»»
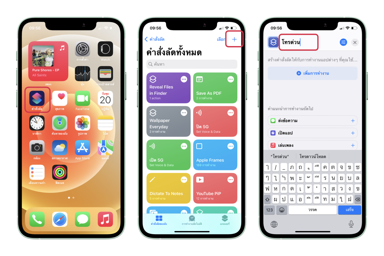 ไปที่แอปคำสั่งลัด (Shortcuts) > แตะไอคอน + > เปลี่ยนชื่อคำสั่งลัดเป็น โทรด่วน ด้านบน
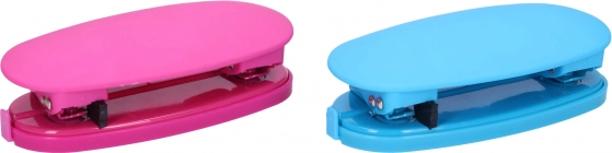 Pratica perforatrice per carta in colori moderni. Scegli tra la versione blu e quella rosa.
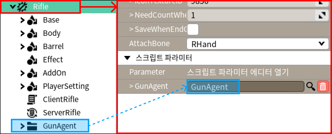 * GunAgent : 각각의 총 토이가 가진 Client/Server 스크립트에서, 총 종류에 맞게 참조하는 모듈이에요.
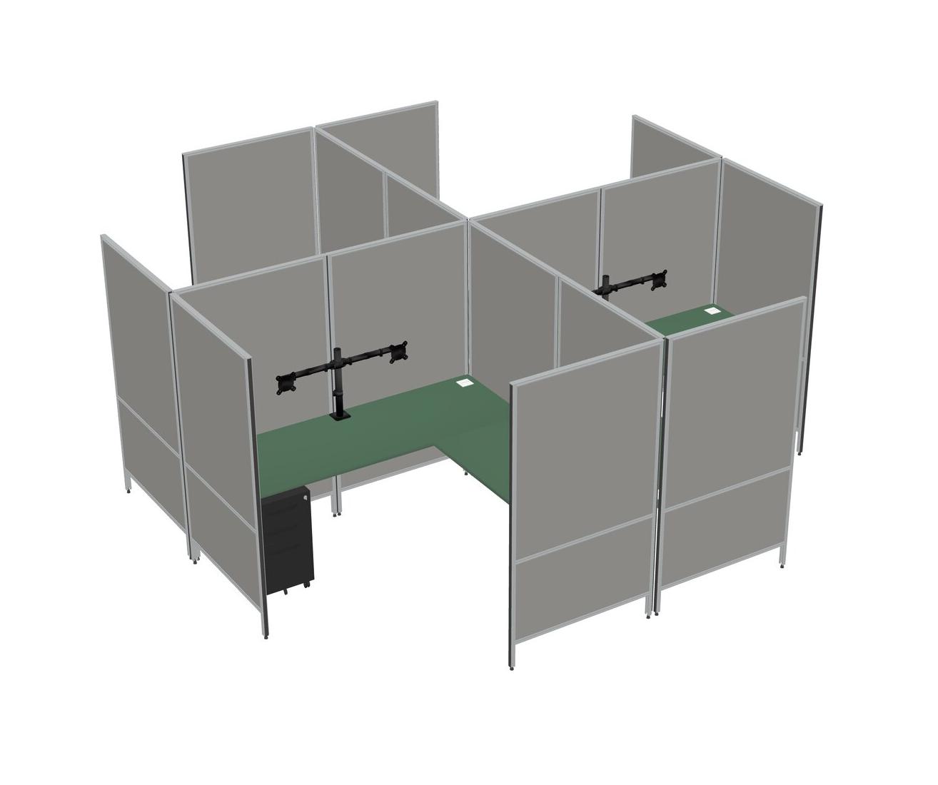 Green Modern Modular Quad L-Shaped Panel System + Metal Mobile Drawers + Monitor Arm (double Arms)
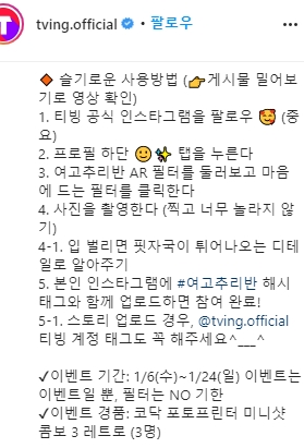 최근에는 티빙 공식 인스타그램에서 AR필터를 찍고 인스타그램에 업로드하면
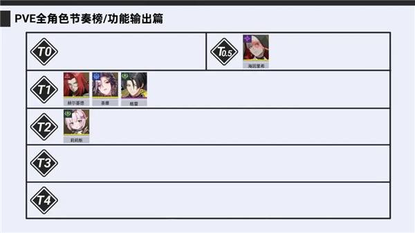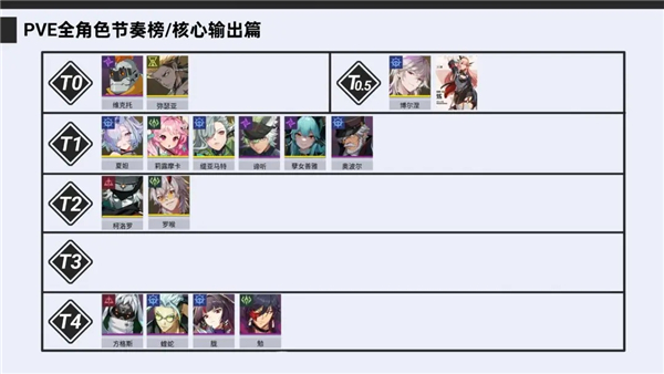 ※此次节奏榜将所有角色按照功能分为:核心输出类、功能输出类、辅助类、生存类
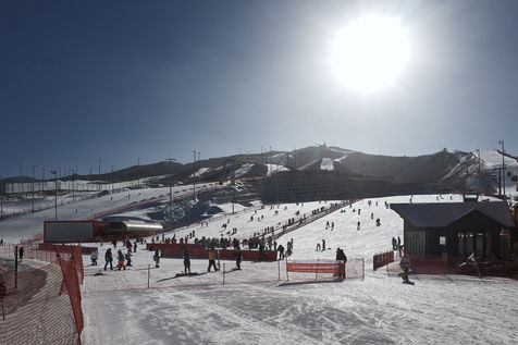 Pourtant, avec des temperatures extremes l impression d hiver est bien la et meme si le paysage est assez deroutant avec ces montagnes arides qui entourent la station, on pourrait s y tromper et penser que la neige est naturelle ! Mais celle-ci vient d une armee de canons a neige disposes tout le long des pistes et il faut bien dire que sa qualite est exceptionnelle, moelleuse comme du sucre glace et sans aucune plaque de verglas.
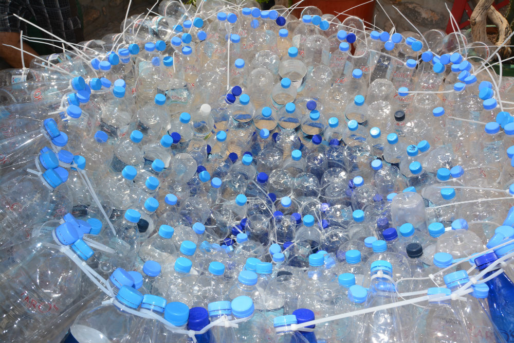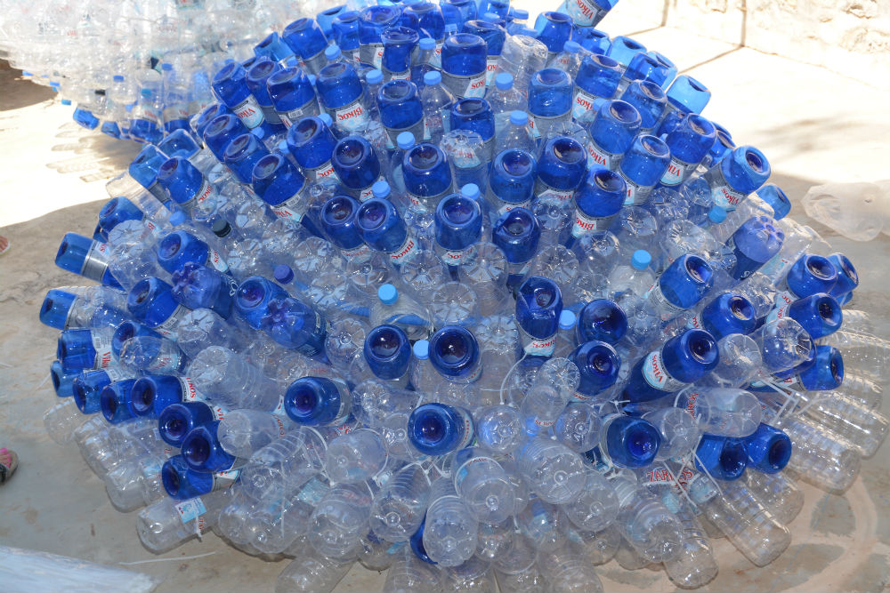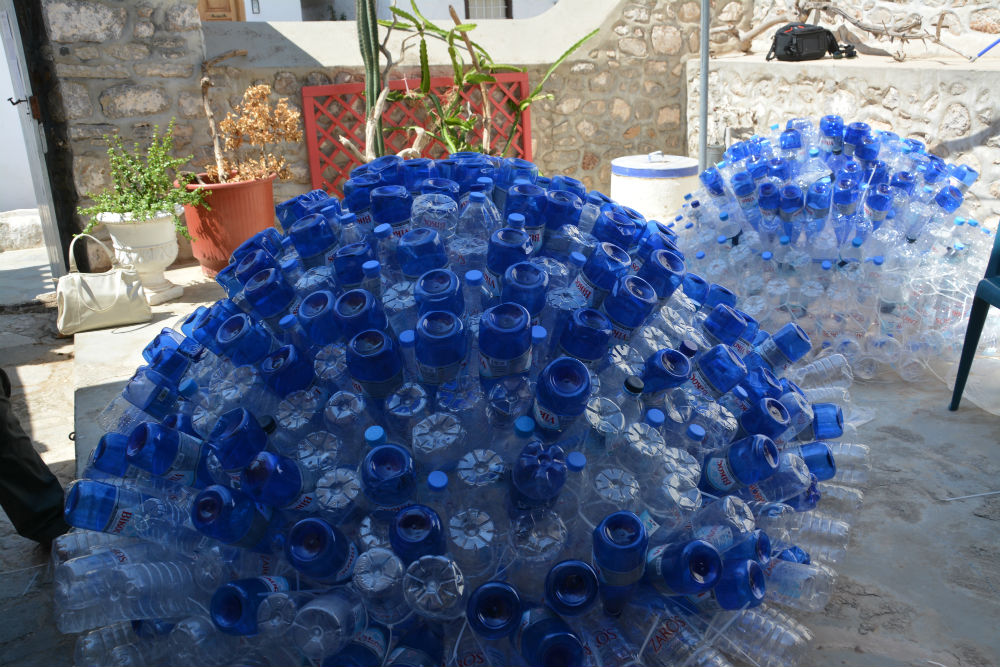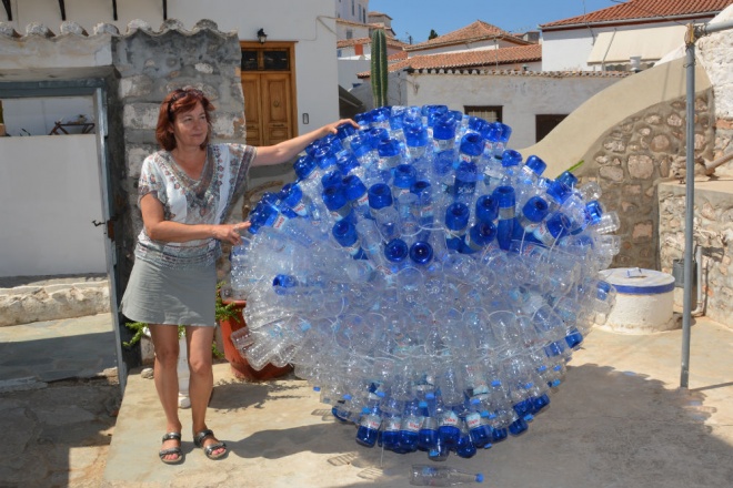 Η σφαίρα που φτάνει ήδη στη διάμετρο του 1,80μ. αποτελείται από 1500 πλαστικά μπουκάλια και χρειάστηκε πολύωρη καθημερινή δουλειά, κόπο αλλά και πολύ μεράκι για να δημιουργηθεί.
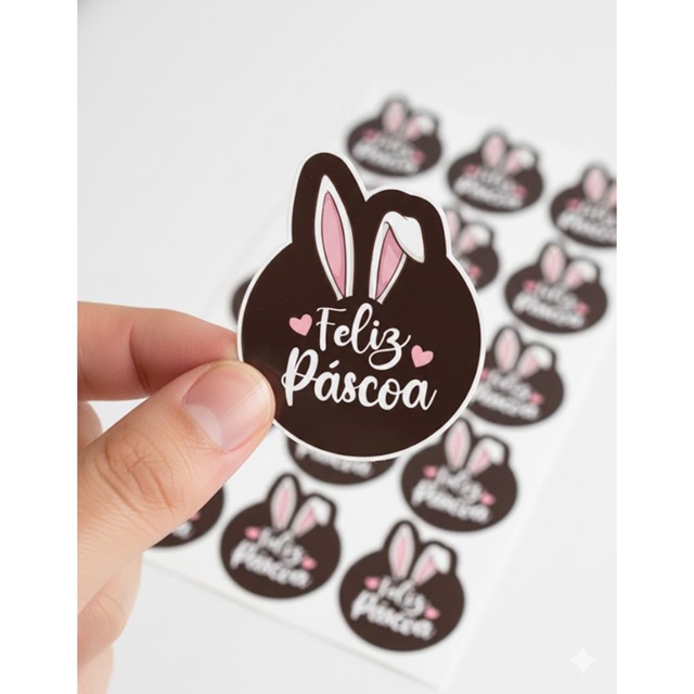 100 Adesivos Páscoa Orelha Coelho Etiquetas P/ Ovos De Colher Doces 40x50mm Vinil Brilho Impermeável Recorte Especial
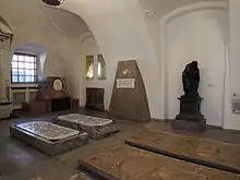 In 1720 a crypt was excavated under the church to provide 21 burial spaces. The first interment was that of Tsarina Praskovia Saltykova, the wife of Tsar Ivan V, on 24 October 1723.[2] On Peter's orders the remains of his sister, Natalya Alexeyevna, and his infant son Peter Petrovich, who had originally been buried in the monastery's Lazarevsky Church, were transferred to the burial vault.[2] The lower church was consecrated on 25 March 1725. Several other members of the imperial family were later buried in the church, including those who had lost their positions through palace coups. Among them were Anna Leopoldovna, mother of Tsar Ivan VI and regent during her son's brief reign; and Emperor Peter III who was deposed and killed in a palace coup that brought his wife to the throne as Empress Catherine II.[2] Peter III was quietly interred in the church in July 1762, thus denying him burial in the traditional resting place of the post-Peter the Great rulers, the Saints Peter and Paul Cathedral. Peter III's remains were later removed from the church and reburied in the Saints Peter and Paul Cathedral on the orders of his son when he ascended to the throne as Paul I.[2] Other members of the imperial family buried in the church include Catherine Ivanovna, Peter the Great's niece; Natalia Alexeievna, Paul I's first wife; and several children who died in infancy, including two daughters of Emperor Alexander I and Elizabeth Alexeievna; Olga Pavlovna, daughter of Emperor Paul I and Maria Feodorovna.[1][5]
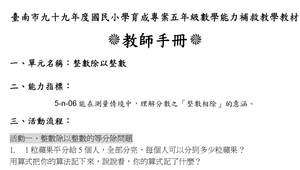 臺南市九十八年度國民小學育成專案五年級數學能力 補教教學教材
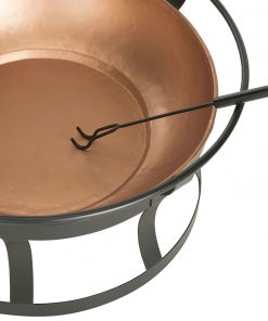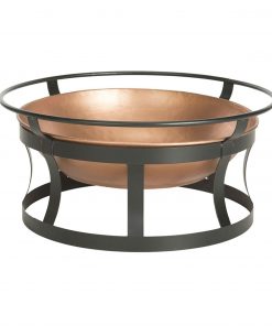 Gather Round. The wood-burning Copper Finish Fire Pit with Black Iron Stand Grate and Fire Poker invites guests to linger on the patio long into the night. Fire pit is crafted of steel with a copper finish that fits into a curved black iron stand. This transitional design brings modern flair to outdoor entertaining.
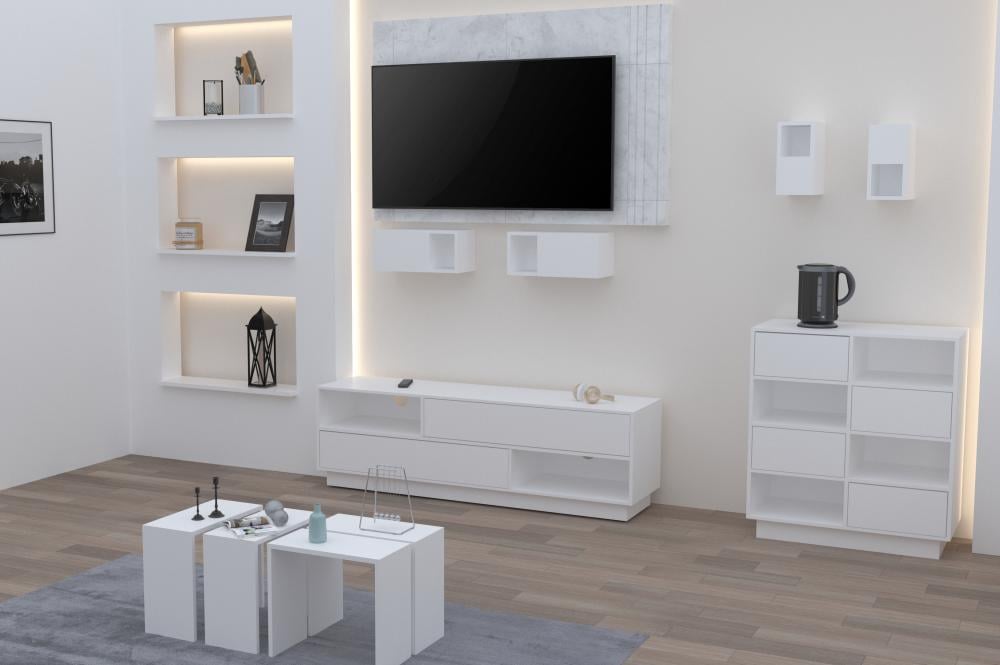 طقم طاولات وملحقاتها لغرفة معيشة 10 قطع - أبيض
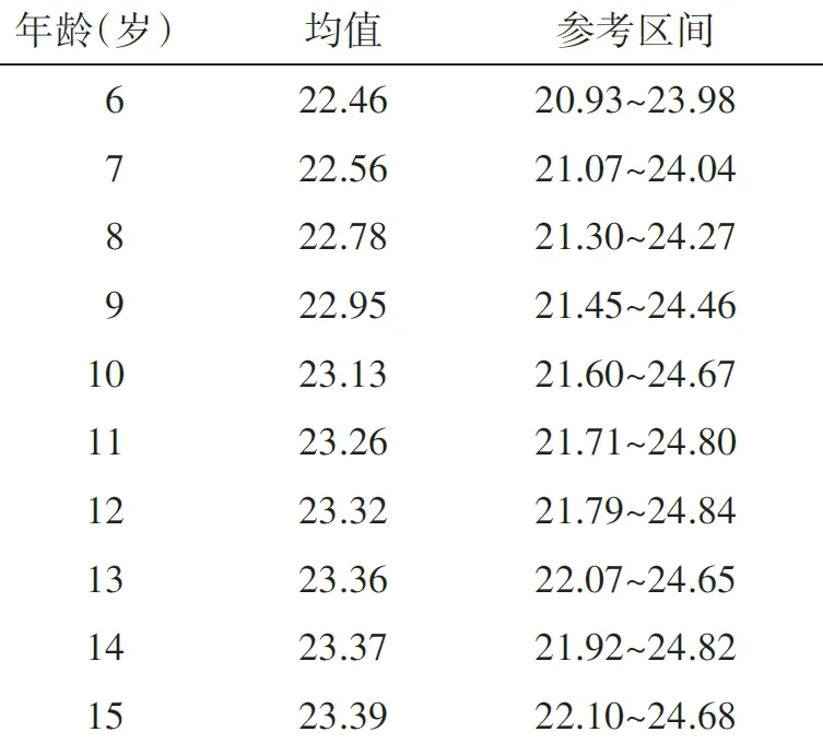 6-15岁学龄儿童眼轴长度参考区间(单位:mm);数据来源:《中国学龄儿童眼球远视储备、眼轴长度、角膜曲率参考区间及相关遗传因素专家共识(2022年)》
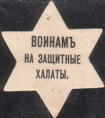 1915(?) г. Виньетка в виде шестиконечной звезды разм. 34 х 40 мм. Одноцветная печать на белой бумаге. В центре текст в три строки: «Воинам на защитные халаты».
««
Task objective -> Each line between the one holding "최근에는 티빙 공식 인스타그램에서 AR필터를 찍고 인스타그램에 업로드하면" and the one holding "100 Adesivos Páscoa", inclusive, should be copied exactly as it appears above, and pictures should be omitted.

Response area ->
 최근에는 티빙 공식 인스타그램에서 AR필터를 찍고 인스타그램에 업로드하면
 ※此次节奏榜将所有角色按照功能分为:核心输出类、功能输出类、辅助类、生存类
 Pourtant, avec des temperatures extremes l impression d hiver est bien la et meme si le paysage est assez deroutant avec ces montagnes arides qui entourent la station, on pourrait s y tromper et penser que la neige est naturelle ! Mais celle-ci vient d une armee de canons a neige disposes tout le long des pistes et il faut bien dire que sa qualite est exceptionnelle, moelleuse comme du sucre glace et sans aucune plaque de verglas.
 Η σφαίρα που φτάνει ήδη στη διάμετρο του 1,80μ. αποτελείται από 1500 πλαστικά μπουκάλια και χρειάστηκε πολύωρη καθημερινή δουλειά, κόπο αλλά και πολύ μεράκι για να δημιουργηθεί.
 100 Adesivos Páscoa Orelha Coelho Etiquetas P/ Ovos De Colher Doces 40x50mm Vinil Brilho Impermeável Recorte Especial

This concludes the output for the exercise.